» **EXERCISE**
Only the stretch below from the line holding "FASHION REMINISCENCES, EVOKED" through the line holding "Fig. 7: Lighted" should be restated, word for word and with both ends included; pictures stay out.

» **RAW DATA**
··········
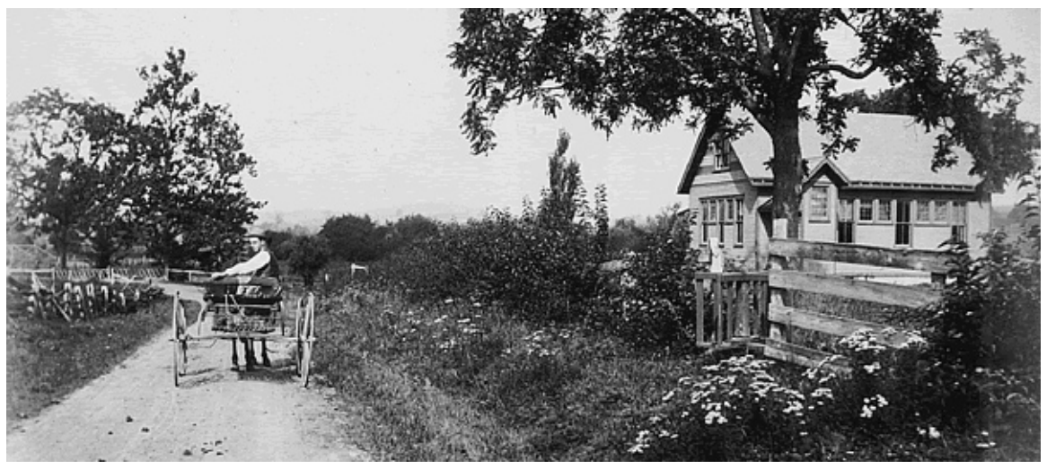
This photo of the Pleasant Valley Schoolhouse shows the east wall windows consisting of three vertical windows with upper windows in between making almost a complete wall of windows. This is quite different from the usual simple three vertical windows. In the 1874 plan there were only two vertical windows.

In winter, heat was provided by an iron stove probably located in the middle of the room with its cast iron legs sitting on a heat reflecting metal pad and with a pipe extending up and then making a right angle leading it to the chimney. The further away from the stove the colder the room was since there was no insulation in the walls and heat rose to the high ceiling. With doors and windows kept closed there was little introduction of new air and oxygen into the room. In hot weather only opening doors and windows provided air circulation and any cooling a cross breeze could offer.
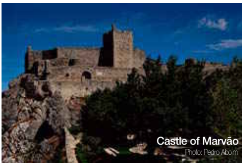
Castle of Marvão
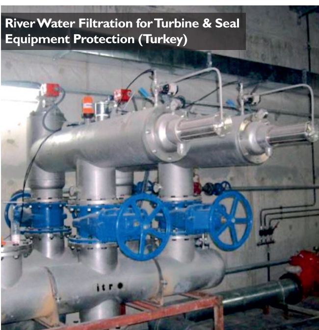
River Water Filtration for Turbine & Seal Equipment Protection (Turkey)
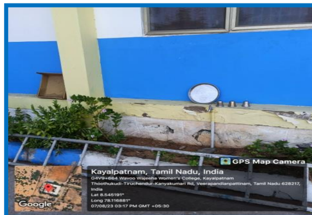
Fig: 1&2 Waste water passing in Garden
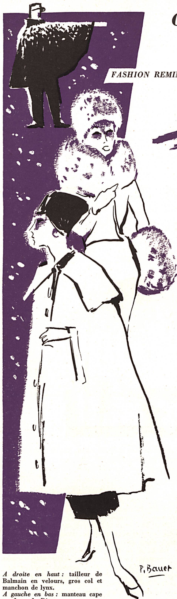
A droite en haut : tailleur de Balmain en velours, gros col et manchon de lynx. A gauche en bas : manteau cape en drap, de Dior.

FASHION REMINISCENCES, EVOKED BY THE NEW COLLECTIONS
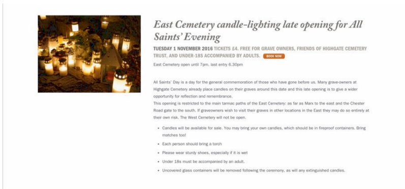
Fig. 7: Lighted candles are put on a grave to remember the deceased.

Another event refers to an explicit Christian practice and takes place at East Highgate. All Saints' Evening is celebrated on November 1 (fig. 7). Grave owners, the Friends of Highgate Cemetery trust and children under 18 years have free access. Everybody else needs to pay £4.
··········
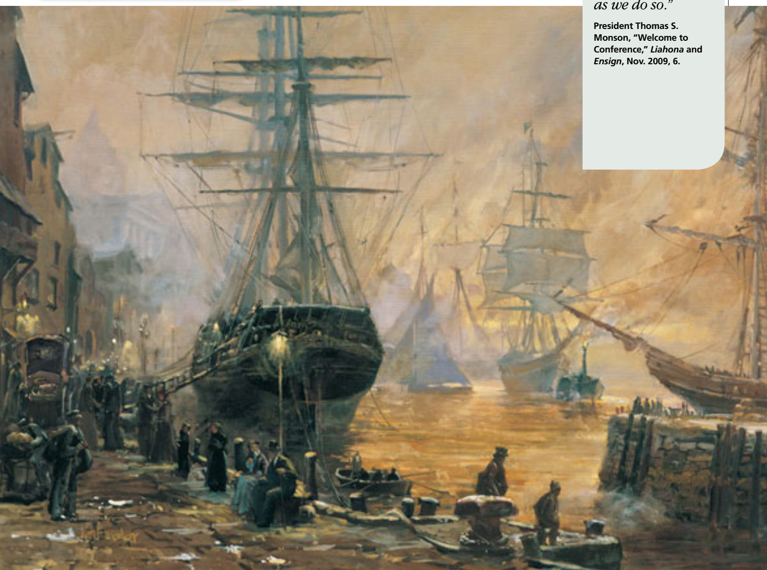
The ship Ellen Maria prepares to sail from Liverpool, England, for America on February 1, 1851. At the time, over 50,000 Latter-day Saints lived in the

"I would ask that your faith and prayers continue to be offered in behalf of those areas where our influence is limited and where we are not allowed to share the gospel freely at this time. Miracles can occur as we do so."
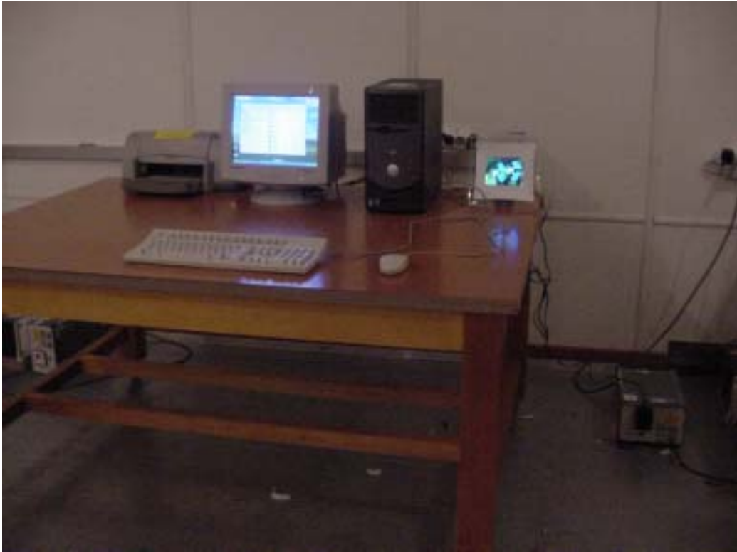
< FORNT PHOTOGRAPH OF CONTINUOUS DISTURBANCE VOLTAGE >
··········
» **WRITTEN REPLY**
FASHION REMINISCENCES, EVOKED BY THE NEW COLLECTIONS
Fig. 7: Lighted candles are put on a grave to remember the deceased.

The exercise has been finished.